One practical tip: track fractions carefully in the early steps. A sign error on a coefficient in step 2 propagates through every subsequent row, making the final answer look bizarre rather than obviously wrong. Doing one substitution-check at the end, as shown above, catches that kind of mistake before it causes real trouble.
Frequently Asked Questions
How many row operations does a 3x3 system typically require?
For a 3x3 system with a unique solution, expect roughly 8 to 12 individual row operations to reach full RREF. The exact count varies depending on the coefficients. Systems with large or inconvenient entries sometimes require a row swap early on to avoid working with awkward fractions.
What does it mean if two rows become identical during reduction?
If two rows reduce to identical entries, the matrix is rank-deficient. The duplicate row becomes a zero row after subtraction, which signals either a dependent system (infinitely many solutions) or, combined with a nonzero constant, an inconsistent system. Either way, a unique solution no longer exists.
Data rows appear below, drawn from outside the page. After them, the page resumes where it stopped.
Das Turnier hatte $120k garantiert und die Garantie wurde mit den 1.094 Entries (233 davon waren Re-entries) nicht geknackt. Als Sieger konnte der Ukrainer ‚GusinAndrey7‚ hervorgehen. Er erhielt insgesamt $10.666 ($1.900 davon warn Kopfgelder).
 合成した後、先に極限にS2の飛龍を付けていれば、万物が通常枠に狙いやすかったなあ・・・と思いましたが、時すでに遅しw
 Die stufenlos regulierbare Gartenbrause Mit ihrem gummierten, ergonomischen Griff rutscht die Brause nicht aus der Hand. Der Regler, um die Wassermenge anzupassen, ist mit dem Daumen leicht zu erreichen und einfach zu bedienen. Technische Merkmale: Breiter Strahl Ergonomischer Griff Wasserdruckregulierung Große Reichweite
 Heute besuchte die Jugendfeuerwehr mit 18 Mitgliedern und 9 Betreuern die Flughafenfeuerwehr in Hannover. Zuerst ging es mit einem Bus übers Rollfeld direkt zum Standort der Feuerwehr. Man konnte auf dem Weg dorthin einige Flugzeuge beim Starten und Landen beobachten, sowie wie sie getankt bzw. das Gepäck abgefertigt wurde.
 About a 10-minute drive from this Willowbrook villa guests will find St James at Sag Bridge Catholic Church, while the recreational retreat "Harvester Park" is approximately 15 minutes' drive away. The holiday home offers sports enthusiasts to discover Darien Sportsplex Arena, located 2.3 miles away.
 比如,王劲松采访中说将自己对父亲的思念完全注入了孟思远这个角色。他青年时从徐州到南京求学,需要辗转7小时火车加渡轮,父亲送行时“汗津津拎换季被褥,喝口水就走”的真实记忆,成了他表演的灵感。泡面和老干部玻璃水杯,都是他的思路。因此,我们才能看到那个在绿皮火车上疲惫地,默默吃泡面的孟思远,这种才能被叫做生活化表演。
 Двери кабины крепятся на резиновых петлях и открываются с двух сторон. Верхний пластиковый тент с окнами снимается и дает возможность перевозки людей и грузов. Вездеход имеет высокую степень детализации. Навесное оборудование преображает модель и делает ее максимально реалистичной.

Can I use a different pivot order?
Yes. The standard algorithm works left to right, top to bottom, but partial pivoting (choosing the row with the largest absolute value in the pivot column) can reduce rounding errors in hand calculations and is especially useful in software implementations. The final RREF is always the same regardless of pivot order, provided no arithmetic mistakes are made.
Is RREF the same as Gaussian elimination?
Not exactly. Gaussian elimination produces row echelon form (REF), where the entries above and below each pivot are not necessarily zero. RREF goes further: it eliminates entries both above and below each pivot and scales every pivot to 1. REF is enough to solve by back-substitution, but RREF lets you read the solution directly from the matrix with no extra work.